# Fizz Buzz For Mathematicians

It's well-known (for some definition of "well-known") and deeply controversial that 80% (some say 90%) of applicants for programmer jobs can't actually program[0][1]. Recruiting good programmers (for some definition of "good") is a known "Hard Problem(tm)"

To this end an initial "bozo-filter" is sometimes applied, wherein a candidate is asked to write some utterly trivial code to demonstrate that they have at least a basic grasp of how to write programs. A common test is the "FizzBuzz" test - go look it up.

So I was idly speculating - what would be a similar initial filter for "Mathematician"? This is clearly an impossible question, because we don't actually know what a mathematician is, nor do we really know what a mathematician does. However, we don't actually know what programmers do either, so maybe that's OK.

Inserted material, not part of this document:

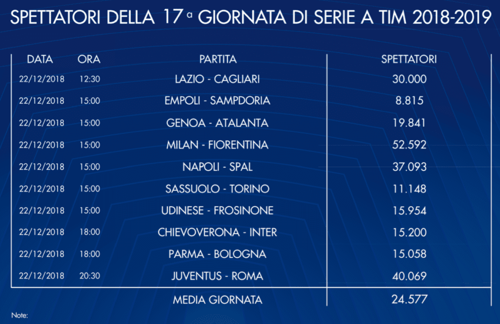 Ad ogni modo, che negli stadi non sia stata una giornata da tutto esaurito lo dicono i numeri. Numeri che ci raccontano come nel giorno del Boxing Day si sia registrata una media spettatori complessiva di 25.405 persone. Si tratta della settima giornata di campionato su diciannove per affluenza negli stadi italiani, ma cadendo nel giorno del più contenuto tra gli spezzatini televisivi, è da considerarsi l’ennesima occasione perduta.

One possibility that came to mind is this question:

• An "equivalence relation" on a set X is a function

$E:X{\times}X\rightarrow\{T,F}$
that satisfies these three conditions:
• For all x in X, E(x,x)=T,
• For all x and y in X, E(x,y)=E(y,x),
• If E(x,y)=T and E(y,z)=T, then E(x,z)=T.
• Suppose E(x,y)=F and E(y,z)=T. What can you say about E(x,z) ?
• Prove it.
Problem is, I wonder if too many non-mathematicians can pass this test to make it of any value.

Can you?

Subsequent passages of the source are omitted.